Yesterday morning I had a particularly good swim session in our group with Coach Tom. I generally wear my Garmin 910 and beyond being trusty lap counter, it tracks strokes, distance and time. Like always, I uploaded the data, but for the first time, I happened to notice that Garmin Connect showed my average stroke count per length over the course of the entire workout. I hadn't paid attention before, but that number was 11. The workout included a mix of everything from aerobic sets to full-out fast 50s.
Curious, I went back through my swims from April, when I got the watch, and noticed that most of my swims had been averaging 12 or 13 strokes per length prior to January. Since January, that number has been 10 or 11. And in the last few weeks my fast 50s and 100s have been at the "faster" end of the spectrum for me.
Since I started with the group in December, Tom has had me working on developing a more complete stroke through to the finish. I know that quicker arm turnover and cadence are often emphasized for open water triathlon swims, but at some point it just becomes inefficient churn. There's a tradeoff there. And better to crank up the cadence on a more effective stroke.
I can only speak from my own perspective, in my clumsy I-didn't-grow-up-swimming words, but in my case taking a step back right now and working to get more out of my stroke has felt like the right thing. When challenged to lengthen and finish it, I have to get as much power and distance as I can. With that shift in focus, awareness of my interaction with the water has changed. I seek the pressure of the water rather than just seeing how fast I can move my arm through it. (I'm back on the Vasa Swim Ergometer weekly, and I also find that contributes to the ability to generate and sustain power. The Power Meter tells the tale! See my latest blog post on the Vasa Swim Ergometer.)
Now, I'm not just gliding along in the pool with dead spots. And when I ramp up the speed the goal is to maintain the mechanics and stroke length/count, but just do it all a little more quickly. I play around with the stroke length vs cadence tradeoff. So yeah, the word on the street is "high swim cadence" but ideally not at the expense of too much distance per stroke.
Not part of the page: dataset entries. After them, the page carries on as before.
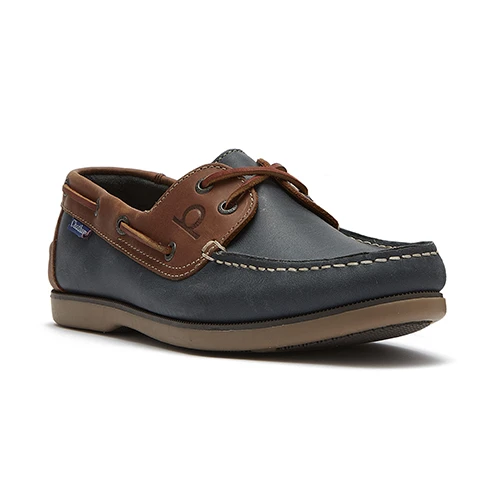 Crafted from premium navy blue leather with tan collar and back counter, this two-eyelet style has tan leather laces and side lacing, contrast stitching, Chatham tab detail and a brown rubber sole. Whitstable also features a sole spring poron performance cushioning, which is anti-bacterial and offers maximum comfort and shock absorption.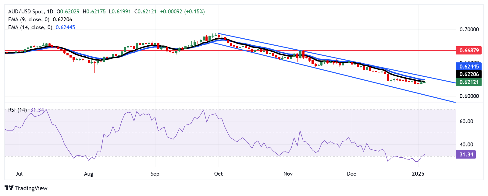 周四,澳元/美元在0.6210附近交易,保持看跌前景,因为它仍处于日线图的下降通道内。然而,14天相对强弱指数(RSI)已反弹至30点以上,表明尽管当前呈下降趋势,但短期内仍有可能出现向上调整。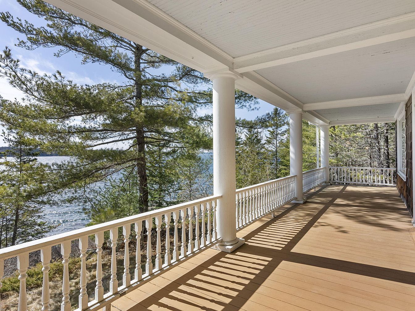 A spacious front porch features elegant white railings and tall, cylindrical columns that lend a classic charm. The wooden flooring is smooth, stained in warm tones, enhancing the inviting atmosphere. Natural light floods the space, casting intricate shadows on the ground. Surrounding pine trees create a lush backdrop, harmonizing with the serene lake visible in the distance. The roof extends outward, offering shelter while maintaining an airy feel. The design integrates both traditional architecture and natural elements, encouraging relaxation and contemplation of the surrounding landscape, which beautifully connects indoor and outdoor environments.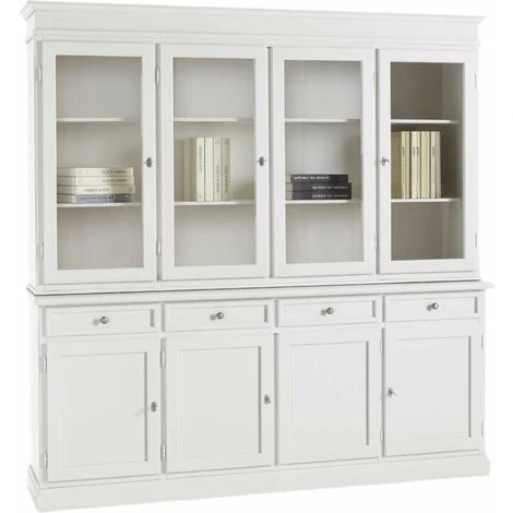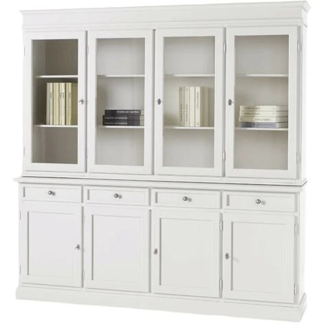MOBILI 2G – CRISTALLIERA CLASSICA IN LEGNO 4 PORTE BIANCO SPORCO 203x42x203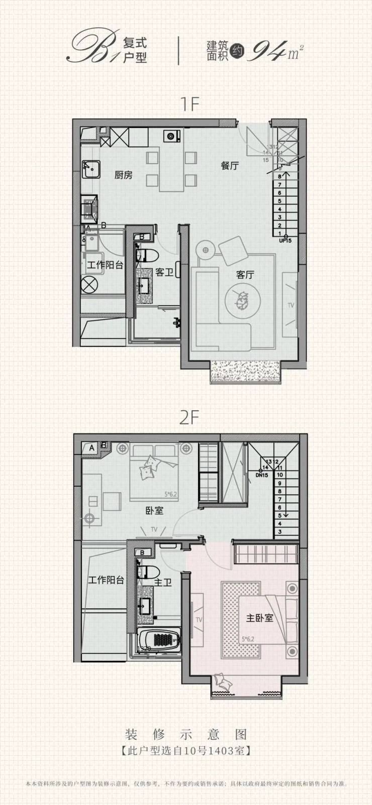 94㎡复式二房:总价约1120万–1150万,上下两层设计,空间利用率高,适合年轻改善家庭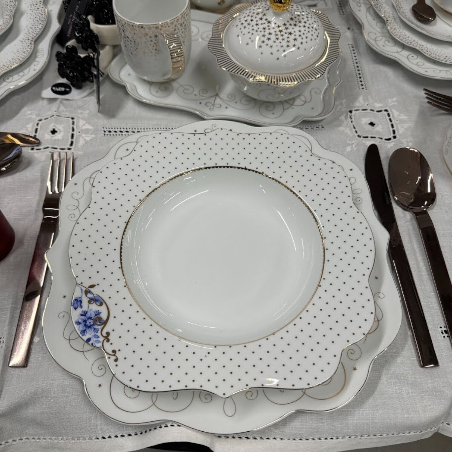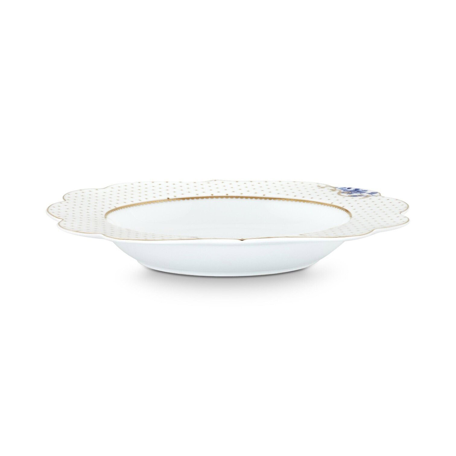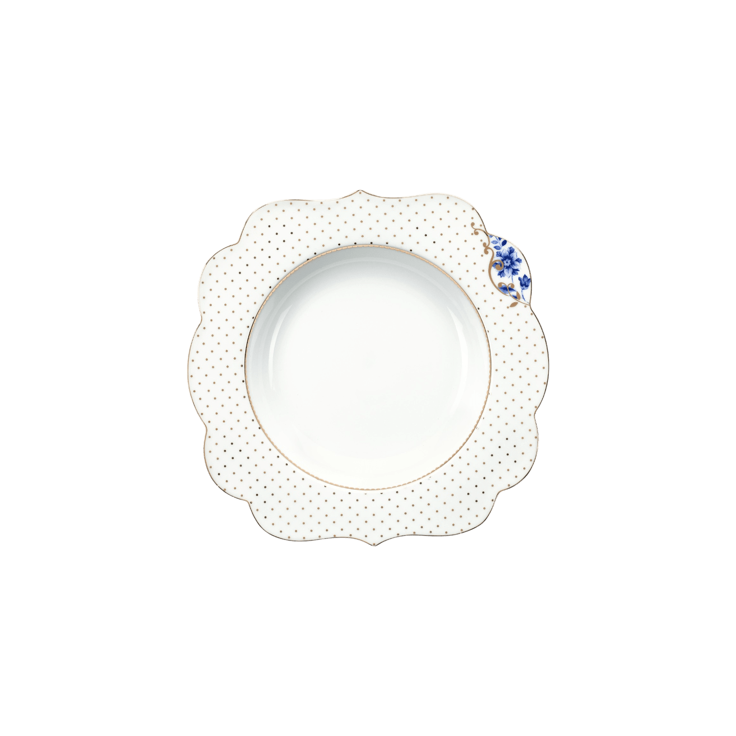 Radiet maģiskus mirkļus pie galda ar šķīvi no Royal White kolekcijas. Zupas šķīvis Royal White ir no izsmalcināta porcelāna ar smalkiem ziliem un zelta elementiem.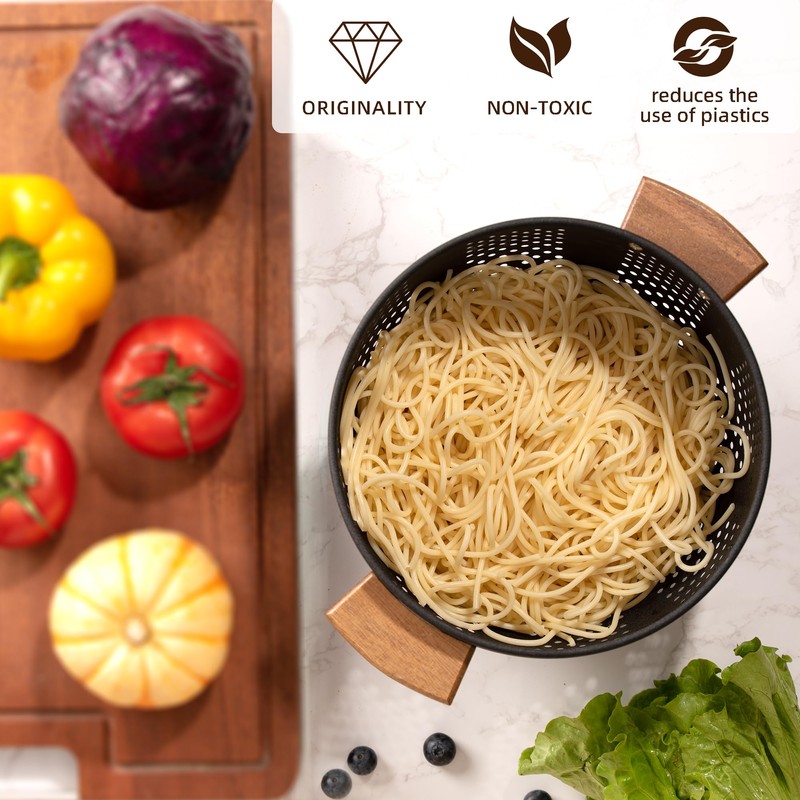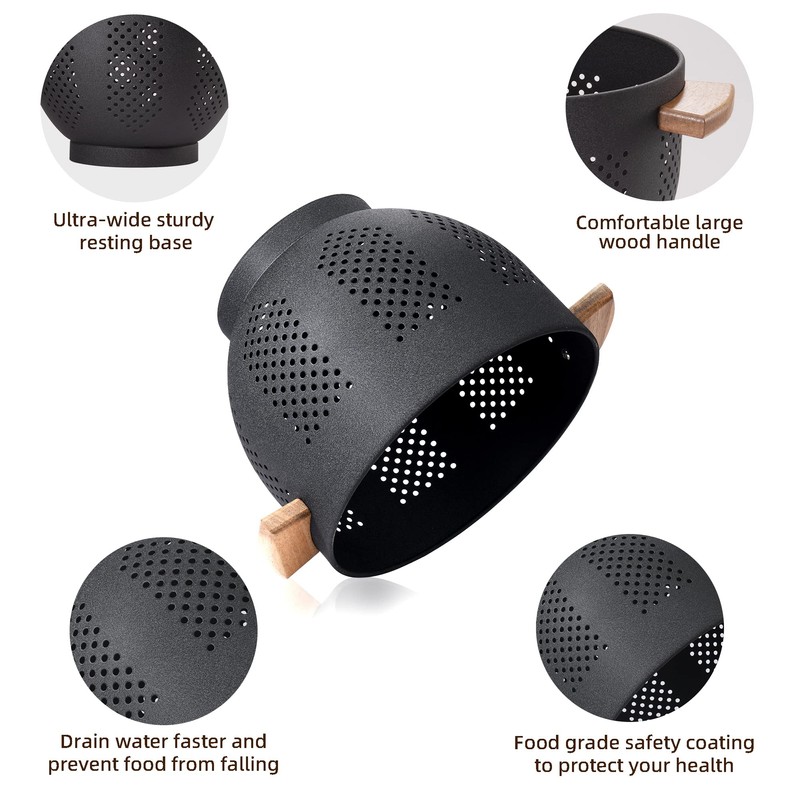 Metal Colander with Wood Handle, Powder Coated Kitchen Essential 22cm Metal Strainers,Large Kitchen Strainer with Stable Base Perfect for Pasta, Fruits,Vegetables (Matte Black)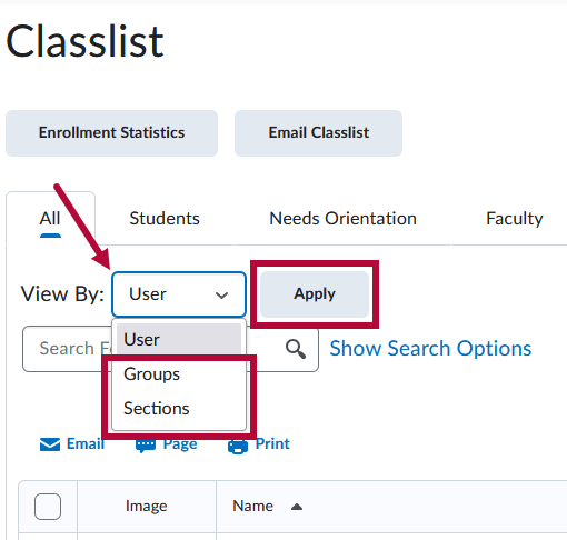 - To view a specific class section or group, click in the View By dropdown list, select [Sections] or [Groups], and click the [Apply] button.

I have always said that triathlon training is a multi-factorial experiment with a sample size of one...which would be "me" in my situation. I like to try new approaches and see what happens. Working on stroke effectiveness, I feel a little faster, more confident, more relaxed, and stronger. That's worth a lot!
After noticing the stroke count change, I went back and re-read a recent article in Triathlete Europe by Dan Bullock on Swim Development. In it, he shared ten indicators of swim progress in addition to the clock. The one that stuck out for me when reading it the second time:
"At a more advanced level the ability to swim slow, medium and fast, yet still take a similar number of strokes per length."Upon further investigation of my Garmin files, I have noted a smaller range of stroke counts and more consistency. (BTW, I'm an open-turner and not a flip-turner for whatever that is worth.)
February 27, 2014 - this was warmup, then 2x300 aerobic, 2x100 pace, 2x50 fast, repeatedBullock acknowledges what many of us know -- it is a BIG challenge to improve the swim. He likened it to learning a musical instrument or language.
December 3, 2013 - higher stroke rate and less consistent
We typically measure swim progress against the clock, which can be frustrating.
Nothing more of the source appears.